Tuesday, August 28, 2007

Home to roost

Our Bank bought another Bank and the integration is beginning. I received a call from a Tech who wanted a password reset for a user. He did not have the user on the line so I could not verify the user's identity (mother's maiden name and such like that). When I asked him to put the user on the line so that I could verify that information, he launched into a story that "he always does this." What he's always been doing is calling a conference line specifically set up for this sort of thing but, due to a scheduling mistake, the conference line was occupied by an unrelated meeting and he just wanted it taken care of and so called the Help Desk.

I refused to violate identity verification procedures and after some
dancing around with Team Leads and the Function Desk, I transferred him to the Function Desk who said that they would do it, which made me look like a complete moron.

I immediately went to the Tactical Manager to complain about these "exceptions" that we never hear about and are somehow expected to just do.

I learned that these calls should be going to the Function Desk, where they "just take care of it", but if they're busy, the calls roll out to the general queue. I commented that I always seem to get these calls.

Not two minutes later, the same tech calling for the same nonsense got through to me again. I immediately transferred him back to the Function Desk.
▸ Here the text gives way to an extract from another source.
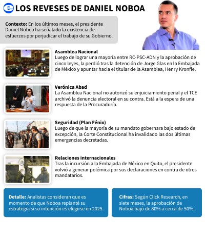 Detalle: Analistas consideran que es momento de que Noboa replanté su estrategia si su intención es elegirse en 2025.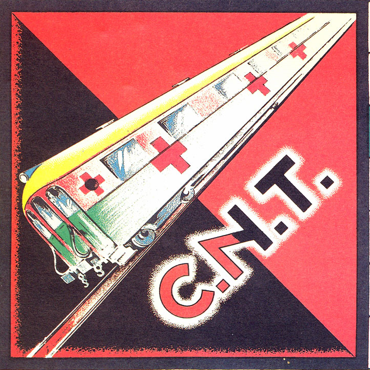 En la esquina inferior izquierda, sobre el fondo negro y rojo de la bandera anarquista de la C.N.T., vemos avanzar un tren hospital con el distintivo de la Cruz Roja. No sabemos si para asistir a los caídos en el frente o como presagio de las bajas que ocasionarán al enemigo. En cualquier caso, las dos asas de su vagón delantero podrían sugerir los senos de una enfermera, vestida con el uniforme blanco y ataviada con la cofia, en alusión al papel desempeñado por Federica Montseny en la cartera de Sanidad y Asistencia Social. Y al mismo tiempo supone un homenaje del sindicato anarquista a la mujer, tanto a aquellas que se quedaron en la retaguardia al cuidado de los heridos, como a aquella otras que tomaron un arma para luchar, hombro con hombro, junto a sus compañeros varones, en la defensa de la República.

And just after that, we received a message that "If anyone gets a call from Tech_A or Tech_B to reset a password, you may perform the reset without security verification. This applies to today only!"

Geis: "Would it not be appropriate to verify the identities of Tech_A or Tech_B?"
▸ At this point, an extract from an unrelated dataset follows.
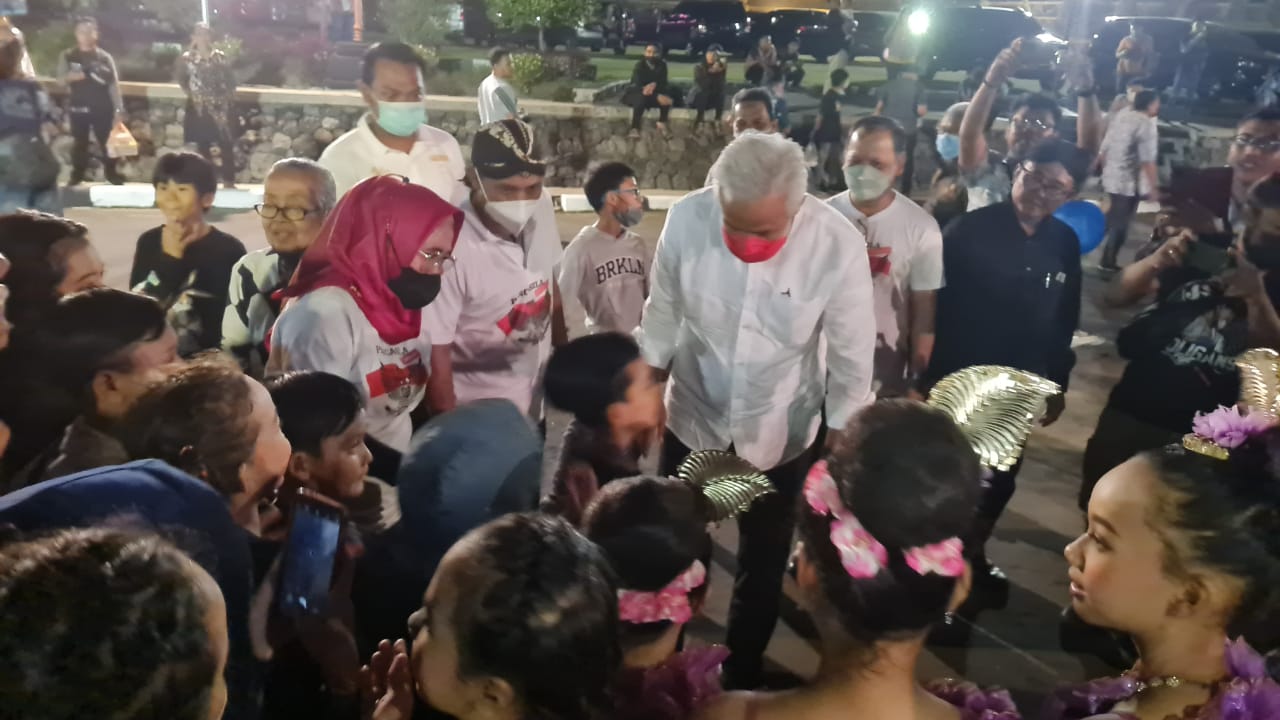 Gubernur Jawa Tengah Ganjar Pranowo dicegat puluhan anak-anak saat menghadiri Gelar Tari Pancasila di komplek Taman Budaya Jawa Tengah (TBJT), Sabtu (25/06/2022). Baru keluar dari mobil, orang nomor satu di Jawa Tengah itu pun langsung kerumuni anak-anak.

Team Lead: "In most cases I would say yes - but this a pre-authorized process that falls under the Conversion."

Geis: So let me get this straight. . . the only way we will know that the person claiming to be Tech_A calling for a password reset is really Tech_A is that he will say that he's Tech_A. And Data Security's OK with that? And if it turns out that the person calling isn't who he claims to be, what then? Really, if we abandon the security procedures just because the techs are too busy to follow them, why do we have them at all?"

Team Lead: "What can I say? I see your point. I also see that Management made a decision on how to proceed."

Geis: There will come a day, hopefully not today, that these "exceptions of convenience" will burn us very badly. And on that day, as the people who made that decision are clearing out their desks, my only comfort will be in saying that I tried to warn you."

1 comment:

Anonymous said...

i'm with ya. "transition" periods are when you should be MORE diligent with security, not less. A smart hacker knows that people tend to let their guards down when they are distracted or if they fall out of their regular routine.

statistics show that a large percentage of compromised systems are the direct result of someone happily giving their password out to someone else who they believe its OK to give it to.

we did a security breach test a couple years ago where they simply had someone call random people throughout the department and claimed they were the help desk and needed to reset their password due to a new "password policy" and needed their current password first. Over 80% of people gave it up without even batting an eye.